In this excerpt from TWST’s interview with Tucker Grinnan, Regional Head of telecoms and media research, Asia-Pacific, for HSBC, discusses his favorite names in China’s Internet services sector as well as the domestic growth trends that are currently driving the industry.
TWST: What are the key growth drivers for the China Internet services space?
Mr. Grinnan: I think, again in a context of the broader Chinese market, China telco services, particularly wireless subscriber growth, has been the main growth driver for the industry as a whole. And investors have been positioned - particularly global investors - in a stock like China Mobile (CHL) because it’s consistently sort of a structural play on the expansion of telco services in China. That is no longer the case. Subscriber growth has slowed, usage has slowed, revenue growth has slowed, in particular now that Chinese telco companies are transitioning to 3G and there is a wave of cap ex. China is spending roughly $50 billion this year on telco cap ex, which is half of global cap ex. So an enormous expansion of the underlying telco network, both the fixed-line and the wireless portion. And the biggest beneficiaries of these are actually these China Internet service companies because their services are riding over top of this infrastructure, and you have an enormous expansion of the infrastructure at no direct cost to them. Overall, the Chinese Internet penetration rate today is around, let’s say on our numbers, 27% to 28%. We expect that to double over next three years. The China online services space is growing at something north of, let’s say, 30% a year compound annual growth rate in terms of revenues. Online gaming represents roughly 50% of that, and the other key areas are search, ad and e-commerce. The key point I’m trying to emphasize is that while we can talk about how all these companies are positioned within the China Internet space, and what the various advantages and disadvantages are, the underlying revenue base is growing explosively at roughly 30% a year. So not the rising tide that lifts all boats, but it makes it a lot easier to sail.
TWST: Would you say investors basically can’t go wrong in this space right now?

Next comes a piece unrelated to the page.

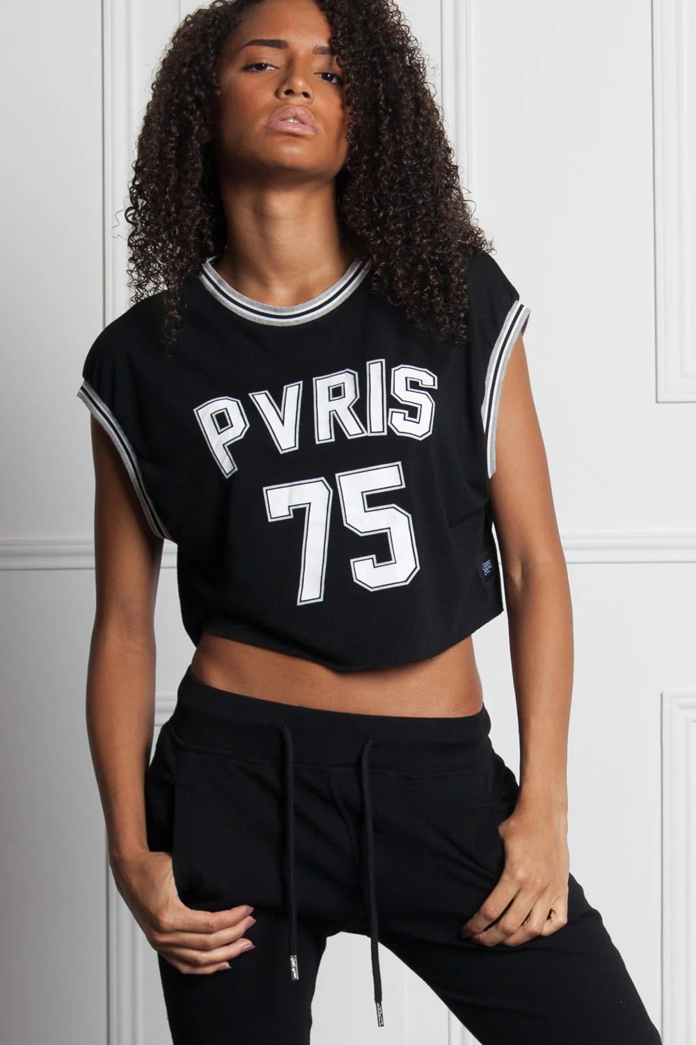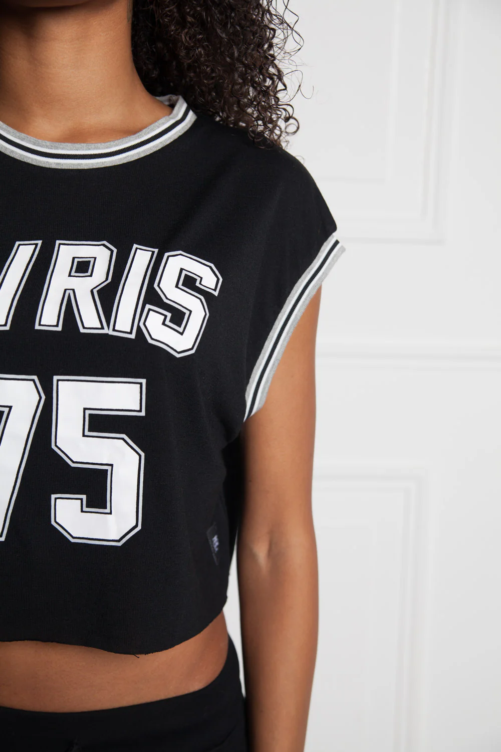 Crop top noir Sixth June Femme. Inscription Pvris 75, à l’avant. Inspiration maillot de basket.

Mr. Grinnan: In a way, I don’t think we can go wrong. In other words, I would say at an aggregate level, I’d be buying this whole space. What you notice is that there are three big companies, Tencent (0700.HK), Baidu (BIDU) and Alibaba (1688.HK), which are large cap and have their respective stakes. Tencent is our favorite name because it is the most diversified. But I like the Chinese online game space; I like the online ad space; I like the e-commerce space, and all of these segments are in the midst of a structural growth surge. And one of the key points is that there is no Chinese state-owned company that competes in this space. So this is a space that is exclusively for private companies. And given the dominance of the Chinese government in the overall economy, it’s very hard to find a big, fast-growing space that has national exposure, that is geared to meet a domestic consumption play story, which I think is - the best part of the Chinese market is the emergence of the middle class in China, that’s the big story from a macro perspective. And this sector is one of the most interesting ways, in our view, to play the China domestic consumption play space because it’s a big sector that generates huge returns. It’s not capital intensive and there is no government-owned company in the space.